**** RECORDS PROVIDED ****
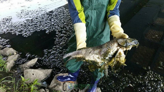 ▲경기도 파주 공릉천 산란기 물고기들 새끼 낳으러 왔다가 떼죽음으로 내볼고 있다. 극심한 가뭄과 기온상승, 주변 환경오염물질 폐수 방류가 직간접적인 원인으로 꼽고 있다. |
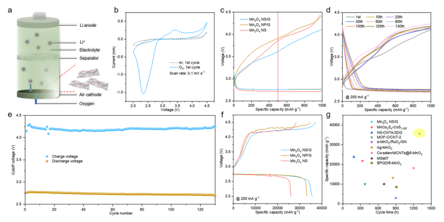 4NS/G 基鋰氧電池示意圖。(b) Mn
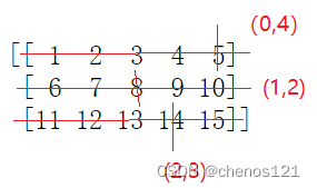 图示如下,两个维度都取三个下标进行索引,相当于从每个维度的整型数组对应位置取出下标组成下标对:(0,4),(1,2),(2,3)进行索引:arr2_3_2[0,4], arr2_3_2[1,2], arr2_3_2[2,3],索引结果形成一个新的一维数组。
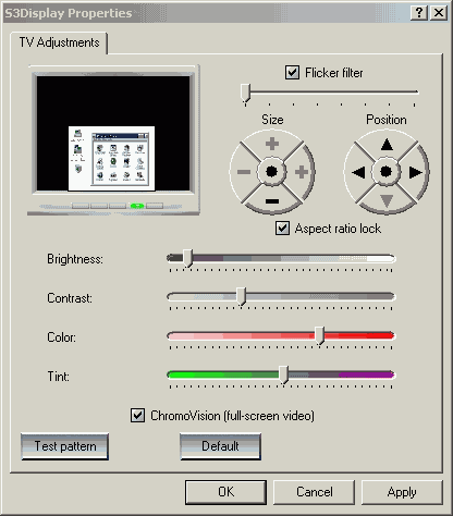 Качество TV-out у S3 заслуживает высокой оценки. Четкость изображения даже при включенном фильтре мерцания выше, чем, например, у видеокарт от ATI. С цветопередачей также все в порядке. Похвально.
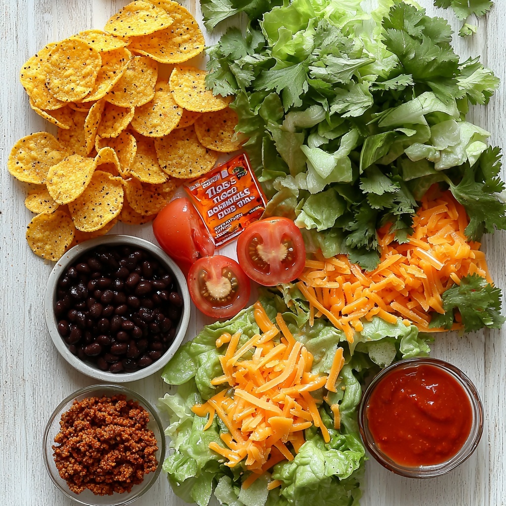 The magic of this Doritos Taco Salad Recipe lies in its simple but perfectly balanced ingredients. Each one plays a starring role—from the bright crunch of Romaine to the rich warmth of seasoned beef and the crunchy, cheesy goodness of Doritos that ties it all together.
****
**** RECORDS PROVIDED ****
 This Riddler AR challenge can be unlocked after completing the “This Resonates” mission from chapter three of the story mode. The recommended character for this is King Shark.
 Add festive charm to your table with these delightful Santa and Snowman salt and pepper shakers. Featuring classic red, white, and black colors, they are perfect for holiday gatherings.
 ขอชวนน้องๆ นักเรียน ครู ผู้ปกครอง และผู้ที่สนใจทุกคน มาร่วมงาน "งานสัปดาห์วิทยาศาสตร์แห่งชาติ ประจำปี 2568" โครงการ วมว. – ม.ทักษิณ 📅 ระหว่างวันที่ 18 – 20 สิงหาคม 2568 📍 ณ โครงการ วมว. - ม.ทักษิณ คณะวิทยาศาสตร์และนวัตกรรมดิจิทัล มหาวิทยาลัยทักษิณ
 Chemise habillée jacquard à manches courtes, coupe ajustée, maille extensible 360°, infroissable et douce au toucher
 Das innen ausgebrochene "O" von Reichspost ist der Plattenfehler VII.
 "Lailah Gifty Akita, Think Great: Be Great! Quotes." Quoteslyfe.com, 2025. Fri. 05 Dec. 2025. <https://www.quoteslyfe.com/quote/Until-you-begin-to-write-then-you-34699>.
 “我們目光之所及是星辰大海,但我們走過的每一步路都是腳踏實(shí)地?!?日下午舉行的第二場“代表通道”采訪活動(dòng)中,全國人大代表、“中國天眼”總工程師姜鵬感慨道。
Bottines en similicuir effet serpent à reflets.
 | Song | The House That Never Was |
****
_EXERCISE BRIEF_
Take the records above and return, word for word, only the lines that fall from the line with "Gifty Akita, Think" to the line with "Never Was |", both of them included.

_EXERCISE RESULT_
 "Lailah Gifty Akita, Think Great: Be Great! Quotes." Quoteslyfe.com, 2025. Fri. 05 Dec. 2025. <https://www.quoteslyfe.com/quote/Until-you-begin-to-write-then-you-34699>.
 “我們目光之所及是星辰大海,但我們走過的每一步路都是腳踏實(shí)地?!?日下午舉行的第二場“代表通道”采訪活動(dòng)中,全國人大代表、“中國天眼”總工程師姜鵬感慨道。
Bottines en similicuir effet serpent à reflets.
 | Song | The House That Never Was |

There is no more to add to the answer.